そして一方で、ICSIが必要と判断した場合には、最大限の配慮をもって行うことを徹底しています。当院では12年以上前から全症例にpiezo ICSIを導入し、さらにIMSIも併用しながら、卵子へのダメージを最小限に抑える工夫を重ねてきました。

ICSIを行うかどうかだけでなく、「どのように行うか」まで含めて最適化することが重要だと考えています。生殖医療において最も大切なのは、技術に頼りすぎることではなく、本来備わっている自然の力をいかに引き出し、活かすかです。


不必要な延長培養は行わない

近年、「胚盤胞まで育てること」が重視される傾向があります。確かに、選別された良好な胚盤胞は高い妊娠率を持ちます。しかし、すべての胚が胚盤胞まで到達するわけではありません。

特に胚の数が少ない場合、無理に延長培養を行うことで「本来は移植できた可能性のある胚」を失ってしまうことがあります。また、胚が発育停止する理由は、単純に染色体異常だけではありません。

培養環境が合わない(合わせきれない)ために発育できない胚も少なくありません。

私はハワイ大学での研究生活の中で、恩師である柳町先生から「現在の培養環境は、本来は淘汰されるべき胚も育ててしまう可能性がある。一方で子宮は、最適な胚を選び育てる力を持っている」という事を繰り返し教えられてきました。

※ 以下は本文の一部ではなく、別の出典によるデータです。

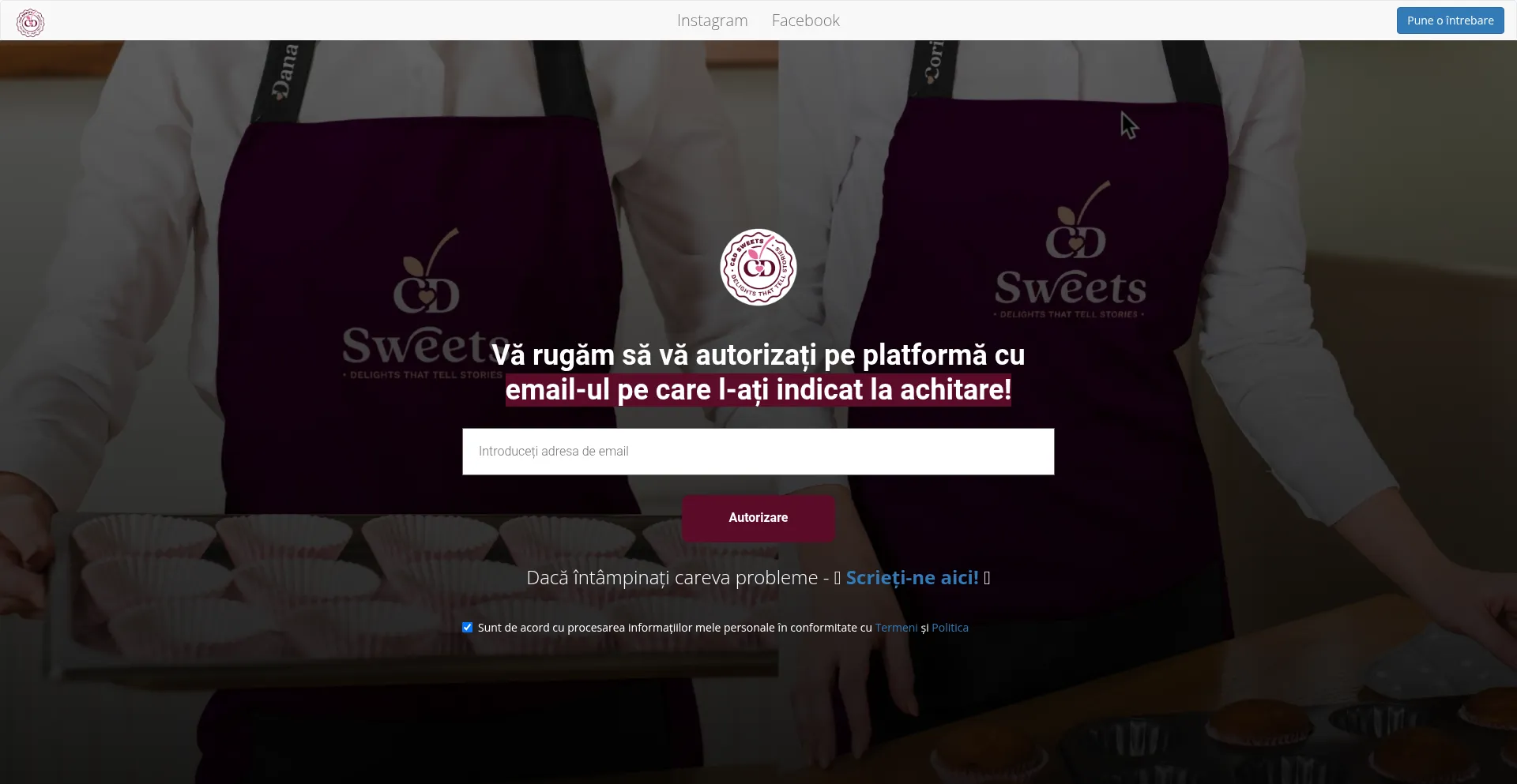 Vă rugăm să vă autorizați pe platformă cu email-ul pe care l-ați indicat la achitare!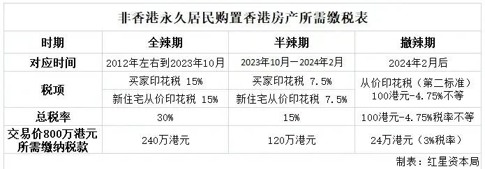 按香港此前全辣期的政策,一套800万售价的房产,需要额外缴纳高达240万元的各种税费,2023年10月,由于市场低迷,香港财政司将税率减半征收,额外税费降至120万港元。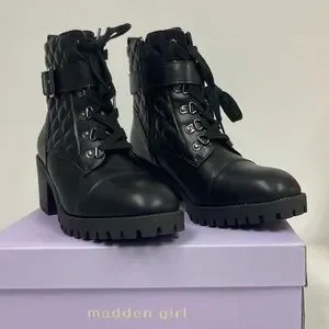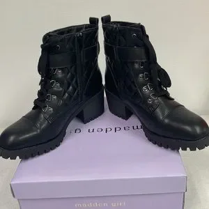 Brand new with box Women’s Madden Girl Black Harlow Combat Boots. Size is 9.5.

つまり、培養室で得られる結果がすべてではないということです。


当院では、培養環境について最大限の整備を行い、高いレベルでの培養に強い自信を持っています。しかし同時に、その結果を過信することなく、常に謙虚に向き合うことを大切にしています。培養室の力と、子宮という本来の環境の力。それぞれの特性を理解し、適切に使い分けていくことこそが重要です。

当院では、胚の数、年齢、これまでの治療経過、培養結果を総合的に評価し、「延長培養が本当に有利かどうか」を個別に判断しています。「胚盤胞まで育てること」が目的ではありません。

最も妊娠につながる選択をすることが目的です。

意味の薄い検査は行わない

不妊治療の分野には、さまざまな追加検査が存在します。しかし、そのすべてに明確なエビデンスがあるわけではありません。

中には、結果が治療方針に影響しない、解釈が難しく臨床的判断に結びつかない、過剰な不安を招くだけといった検査も存在します。当院では、「その検査結果が本当に治療を変えるのか?」を常に問いながら最新のエビデンスを基に判断しています。特に自費や先進医療にその様な面が多々あります。

必要な検査はしっかり行う。しかし、意味の薄い検査はあえて行わない。それが、患者さんにとって最も誠実な医療だと考えています。

生殖医療においては、何かを追加することよりも、あえてやらないと決める方が難しい場面が多くあります。何かした方が安心ではないか、やらなかったことで後悔しないか、そうした不安に正面から向き合いながら、それでも最適な選択をする。そこに医師の経験と責任があります。不要なことを不要と言うことこそがやるべきことだと考えています。


最後に

当院が目指しているのは、「過不足のない医療」です。必要なことは確実に行う。不要なことは行わない。その積み重ねによって、患者さんが「ここで治療を受けてよかった」と思える医療を提供していきたいと考えています。そのために、当院では一人ひとりに合わせた治療を丁寧に考えていきます。